Book: The New Dead

Although I've written countless essays about English literature and reviewed a couple of hundred horror movies and video games, I've never actually written a book review. Luckily for me, The New Dead was right up my alley and is exactly what I look for in a book.

I'm not the kind of guy who can read a lot of fiction unless it pertains directly to something I really like. Fortunately, I happen to really like zombies, and I liked 'em before they were cool (yeah, that's right). I'm a really busy guy. Between a full-time teaching gig, another part-time job and my dvd/game reviews, I don't have a lot of time for the written word (at least not for pleasure, anyway). I do love a good book though and when a book grabs me, I like to be able to blaze through it.

Rise From Your Grave!

This may be one of the reasons I loved this book so much. I truly dig and appreciate the anthology format, which syncs up well with my lifestyle. Any time I was in a long commute or had a moment to myself, I could crack this sucker open and rip through a tale. 

I have to give some real props to this book for selecting such different sorts of stories as well. I've read quite a few zombie books and stories and I was a little worried that an entire anthology would become redundant and trite rather quickly. I mean, how many different ways can you spin a zombie tale? Let me tell you- there are about 19 different ways you can do so and this one really lets the zombies run the gamut of emotions from laughs to anger and tears.

A Handsome Portrait!

It would be impossible for me to review all of the stories in this book, but I have to touch on a few. This book kicks off with a really heavy tale called "Lazarus" written by John Conolly, This one is a contemplative retelling of Lazarus' rise from the dead (for those unfamiliar with contemporary religion, it is said that Jesus rose Lazarus from the dead four days after his own death). It might sound a little far-fetched but the story is written very seriously and has a really dark and sad tone.
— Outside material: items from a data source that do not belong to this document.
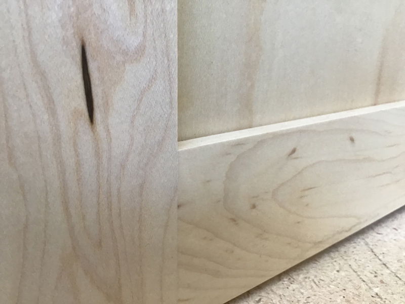 New shaker style upper corner cabinet with a clear finished solid maple face, soft close hardware, and two adjustable shelves behind the doors. This is a well constructed cabinet with a timeless look - a great option for giving your kitchen or laundry room a little refresh! Width listed is for the box - each door measures 12"W.
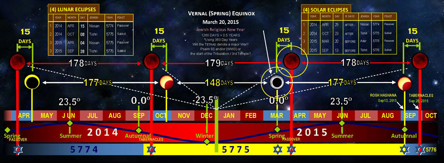 The purpose of this illustration is to layout astronomically, the 4 Blood Moons of the Tetrad of 2014-2015. This chart shows the patterns of just how the Solar and Lunar Eclipses are juxtaposed to each other. The 4 Total Lunar Eclipses are paired up with their Solar Eclipse that occur 15 days apart. …. A Tetrad is when 4 consecutive Total Red Blood Moons occur without any partial lunar eclipse in-between the series. They come in pairs and are separated by 6 months.
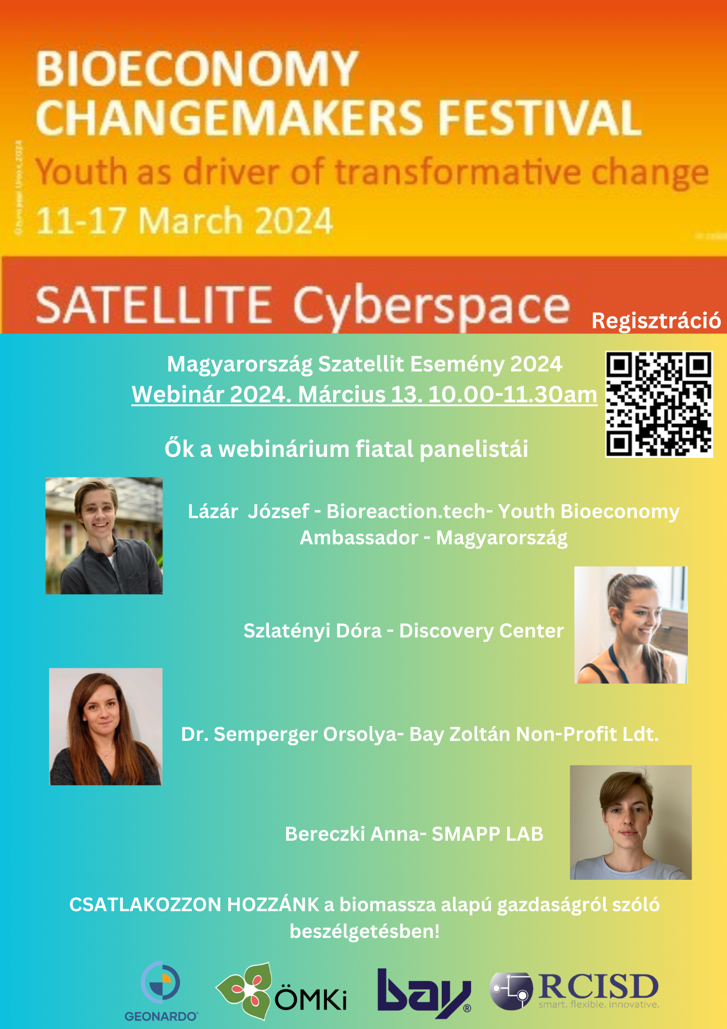 A 2024. március 11-17. között megrendezésre kerülő Bioeconomy Changemakers Festival keretében 2024. március 13-án a bioeconomy ágazat kulcsszereplőinek dinamikus partnersége közös kezdeményezésként szervezte meg a magyarországi szatellitrendezvényt. A webinár szervezői voltak: Geonardo Környezetvédelmi, Térinformatikai és Regionális Projektfejlesztő Kft. (GEO), Bay Zoltán Alkalmazott Kutatási Közhasznú Nonprofit Kft. (BZN), Ökológiai Mezőgazdasági Kutatóintézet (ÖMKi) Regionális Információs és Fejlesztő Tudásközpont Kft (RCISD).

I absolutely loved "What Maisie Knew" by David Liss. It tells a story about zombies becoming mass-produced human servants. One man is telling his tale about how he bought a black-market zombie servant to cover up a past mistake. The story is thoughtfully written and has a fantastic twist that left me hungry for brains.
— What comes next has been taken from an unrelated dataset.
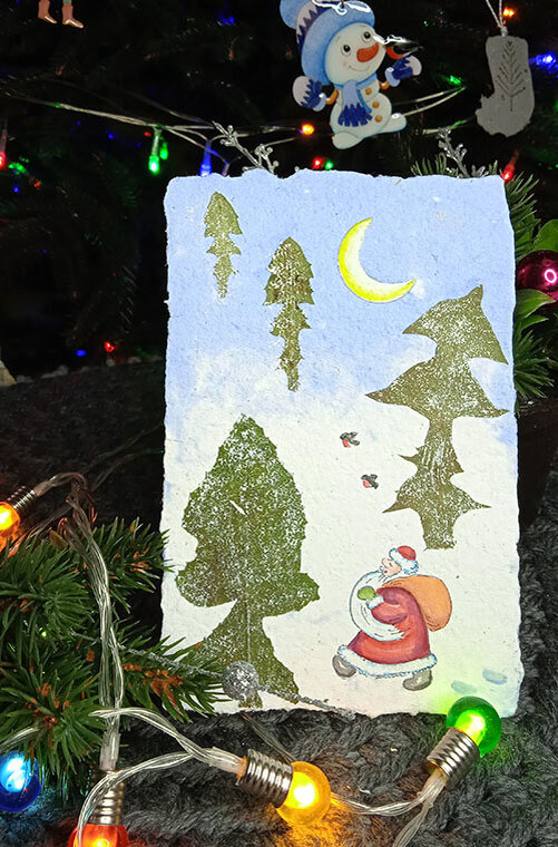 Идея этих открыток родилась еще летом. Пропалывая грядки в огороде и рьяно борясь с засилием одуванчиков, я вдруг поняла, что листья этого дачного сорняка еще могут послужить зимой отличную службу, ведь они немного похожи на ёлку, нарисованную детской рукой. Так, насушила я гербария из листьев одуванчика и других травинок и цветов, отлила бело-голубую бумагу, а муж нарисовал эти примитивные, но очень милые новогодние сюжеты. И вот уже второй год у нас рождается серия добрых новогодних открыток, к которым так и просится придумать маленькие детские сказки. А что, быть может, и родится из этого какой-то интересный проект. Пока же показываю эти открытки... Открытки с листьями одуванчика, которые нарисованы в этом году... А эта открытка мне сказу Павла Бажова "Серебряное копытце" напоминает. Правда, здесь солнце нарисовано, а не месяц ночной, но все равно какие-то ассоциации со сказкой Бажова вдруг возникли: "Ночь месячная, светлая, далеко видно. Глядит Дарёнка — кошка близко на покосном

M.B Hombler checks in with another awesome tale called "The Zombie who Fell from the Sky". This one is a thoughtful piece that deals with Romero-esque human cruelty issues. A great companion piece to this story is "Kids and Their Toys", which comes off like a Stand By Me homage with zombies. The latter story really resonated with me and I thought it would make a great film. Really descriptive and involving stuff.
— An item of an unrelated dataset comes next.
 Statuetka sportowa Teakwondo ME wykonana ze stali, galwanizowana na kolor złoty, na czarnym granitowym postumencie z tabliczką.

The last story in the book, “Twittering from the Circus of the Dead” by Joe Hill is a perfect closing piece that deals with a family that runs into an entire carnival of the undead while coming home from vacation. It's written in Twitter-ific style but serves as a great little slice of cultural zeitgeist both from technology and zombie standpoints.

Gunslinger Zombie!

This is a book that isn't written 'safely'. The New Dead isn't a jumble of lame stories tossed together to make a buck. Almost every story is worth reading at least once, and I read several a couple more times. For those familiar with Max Brooks, even he contributes a tale here (and if you're not familiar with him, he's the author of the kick ass novel World War Z, one of my favourite books ever). The stories are controversial, thought provoking, fun, nasty and thrilling. The book is thick, running 400 pages long and has a low price point which makes it a great value for your money.

Do yourself a favor- assume the role of your favorite zombie and tear this one's brains apart!